U.S. changes childhood vaccine schedule to require fewer immunizations – Los Angeles Times

The U.S. Department of Health and Human Services announced on January 5, 2026, that it is eliminating routine childhood vaccinations for numerous diseases previously covered under federal recommendations. Children will still receive vaccines for measles, mumps, rubella, polio, pertussis, tetanus, diphtheria, Hib, pneumococcal disease, HPV, and chickenpox, but vaccinations for hepatitis A and B, rotavirus, RSV, bacterial meningitis, influenza, and COVID-19 are now classified as optional through “shared clinical decision-making.” Health Secretary Robert F. Kennedy Jr., a longtime vaccine opponent, stated the changes “protect children, respect families, and rebuild trust in public health.”

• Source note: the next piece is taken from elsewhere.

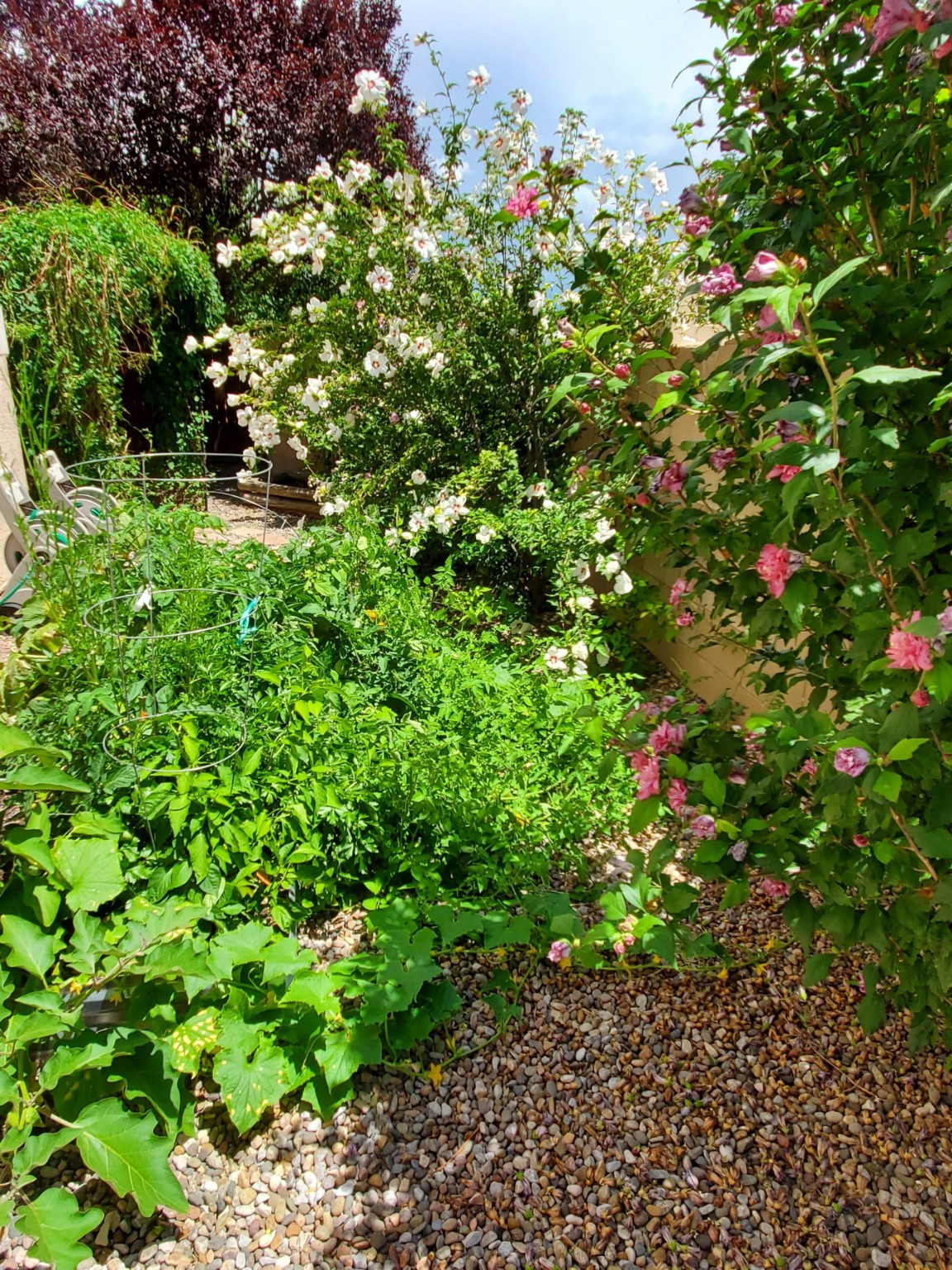 Well maintained and updated 2 story home on a corner lot with Sangre and sunset views. 3 bedrooms upstairs with 2 full bath rooms. Primary bedroom has access to roof deck. Downstairs includes a office/den, separate formal dining room, comfortable living room with a gas fireplace, and a well appointed kitchen with newer appliances and upgraded granite counter tops. Outside is a relaxing gem of an outdoor 'living' room complete with ceiling fans and room to bar-b-que. All the outdoor furniture conveys - including a water feature and fire pit. Numerous healthy fruit trees and rose bushes, front yard has 2 gorgeous heritage maple trees. Attached garage, newer washer and dryer, recently re-siliconed roof - this house is ready to move in and make your own!

The policy reversal stems from a December 2025 presidential memorandum signed by President Trump directing the health department to align the pediatric vaccine schedule with practices from peer-developed countries, specifically citing Denmark’s more limited schedule of 10 diseases. However, public health experts including Dr. Kelly Gebo of George Washington University’s Milken Institute School of Public Health note that Denmark’s approach reflects its disease prevalence, universal healthcare system, and higher screening rates for conditions like hepatitis B—factors absent in the United States, where less than 85% of pregnant women receive hepatitis B screening.

Pediatricians and public health officials rejected the changes as dangerous and unnecessary. Dr. René Bravo, president of the California Medical Association, stated the decision “undermines decades of evidence-based public health policy and sends a deeply confusing message to families at a time when vaccine confidence is already under strain.” The American Academy of Pediatrics condemned the schedule as “dangerous and unnecessary” and announced it will continue publishing its own independent immunization recommendations.

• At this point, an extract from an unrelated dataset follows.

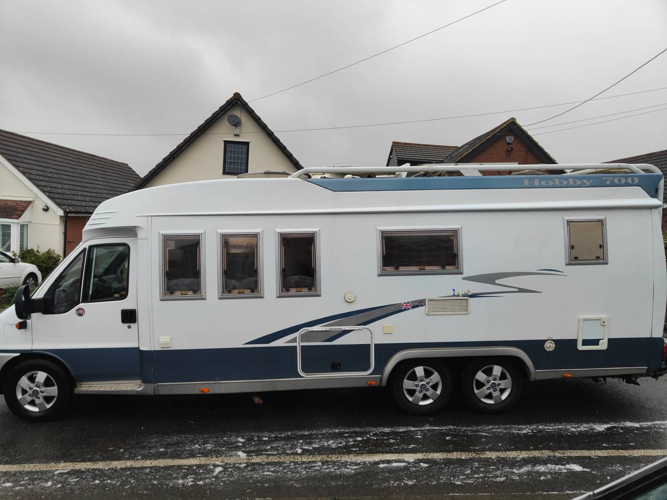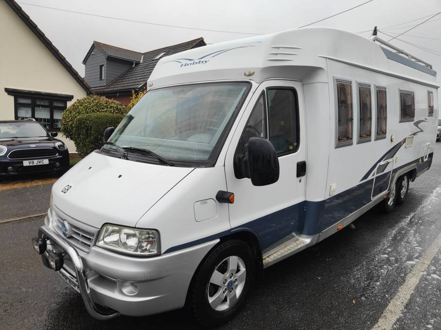 This is an outstanding example of the Hobby 700 motorhome. This German built motorhome features a fixed bed to the rear, spacious and well equipped kitchen to the centre and a very large seating area to the front that utilises the 2 rotating Captains seats. This 4 berth, 4 seatbelt model is plated at 4500kgs so you will need the appropriate licence. Based on the excellent Fiat Ducato cab with an Alko chassis, this 2.8jtd derivative has the 5 speed manual gearbox and cab aircon. Only 3 owners from new and an MOT until jan 31 2025 with great history. This example includes satellite dish, solar panel, reverse camera, tv and aerial and a removable motorcycle rack. Based in Kent and more pictures available.

The federal changes follow a pattern of health authority reversals under Trump appointees. A Kennedy-led CDC panel previously voted to drop the routine newborn hepatitis B vaccination, a decision that contradicts 35 years of disease elimination since the vaccine’s 1991 introduction. Dr. James Alwine, a virologist with Defend Public Health, characterized the rollback as releasing “viruses and bacteria that were under control” onto vulnerable populations, describing the policy as fundamentally incompatible with disease prevention efforts in the United States.

Insurance companies remain required to fully cover all vaccines on the revised schedule, including those now designated optional. Four states—California, Oregon, Washington, and Hawaii—announced in September they would adopt independent immunization schedules based on American Academy of Pediatrics and other medical group recommendations, effectively rejecting the federal revision.